Этот старый товарищ, с которым думали они одинаково и положение оценивали одинаково, оказал большую поддержку. Он даже сделал так, что Якова Тимофеевича принял заведующий одним из отделов Центрального Комитета партии. Там разговор был откровенный, прямой и дружественный. Да, нельзя поддаваться, да, нельзя быть мокрой курицей и уступать, надо давать отпор, надо быть большевиком, странно, что он, Яков Тимофеевич, в этом сомневается.

Но он вовсе и не сомневался. Просто, кроме внутреннего убеждения, кроме уверенности в правоте, нужна в каждом деле еще и соответствующая тактика, в тактике тоже нельзя ошибаться, а то возьмешься делать дело и из–за неверной тактики испортишь его. Яков Тимофеевич ехал в Москву именно за этим, за тактикой, а не за убеждениями. Убеждения свои он нес с первых революционных лет, со времен гражданской войны, с комсомольской молодости, он их никогда не менял, он был им неизменно верен.

Находясь в Москве, он увидел, что и там встречаются свои томашуки. Он разговорился с директором театра, собиравшегося уезжать на гастроли. Директор сетовал: «Везем такое старье. А новое — это же немыслимое! Наш худрук забредает в детективщину. Две пьесы с убийствами, одна почти что с изнасилованием… Прямо будто на Бродвее живем».

Однажды, когда Яков Тимофеевич сидел в редакционном кабинете своего старого товарища, туда пришло несколько писателей. Товарищ представил им Якова Тимофеевича, рассказал, с какими трудностями тот столкнулся и у себя в театре и вот в Москве, в различных управлениях.
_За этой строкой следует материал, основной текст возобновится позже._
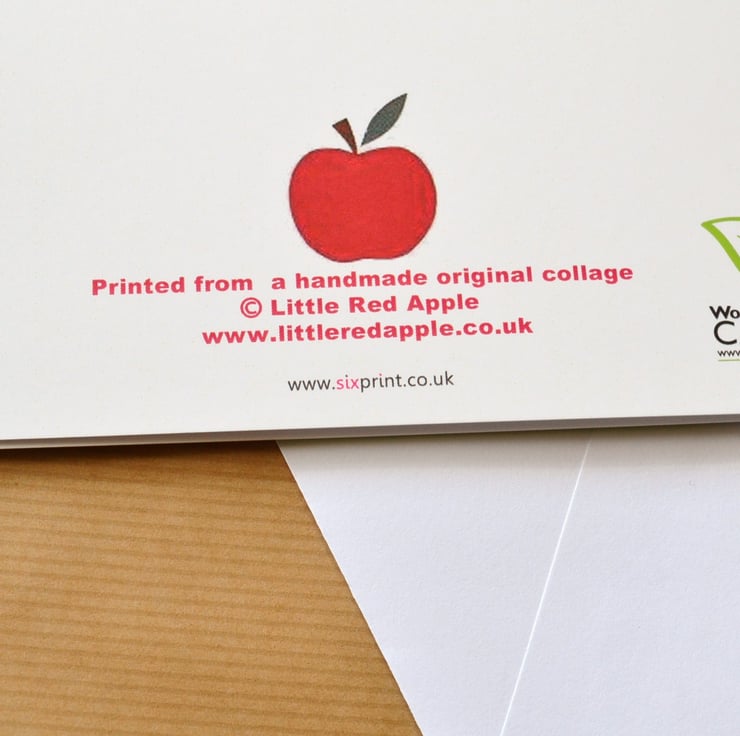 Printed from a handmade original collage onto eco-friendly card. It comes with a plain white envelope. Inside is blank for your own message.
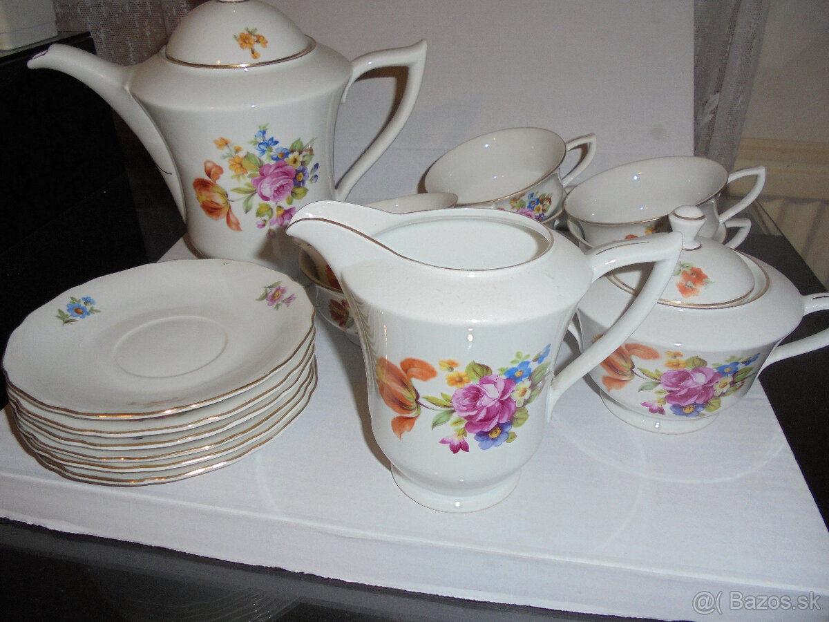 Predám čajový servis: 6 šálok, 6 podšálok, čajová konvica, mlieková konvica, cukornička.

Яков Тимофеевич добавил к его рассказу и этот разговор о пьесах. «Дорогой друг! — сказал один из писателей. — Не тот сила, кто шумит, а тот, кого не испугаешь шумом. Кто–то, видите ли, шумит и грохочет, использует ситуацию. Эти, кстати говоря, и раньше особой. прочностью не отличались… А кто–то тем временем как работал, так и работает, пишет. О народе, о народной жизни, о делах партии, остается верным и себе и ленинизму. Так что не отчаивайтесь, пьесы вам будут, и хорошие пьесы. Дайте только срок». Другой писатель добавил, что пусть Яков Тимофеевич и не сомневается: активизация томашуков — явление сугубо временное. Пройдет несколько месяцев, и они предстанут перед народом в их неприкрытом, голеньком виде.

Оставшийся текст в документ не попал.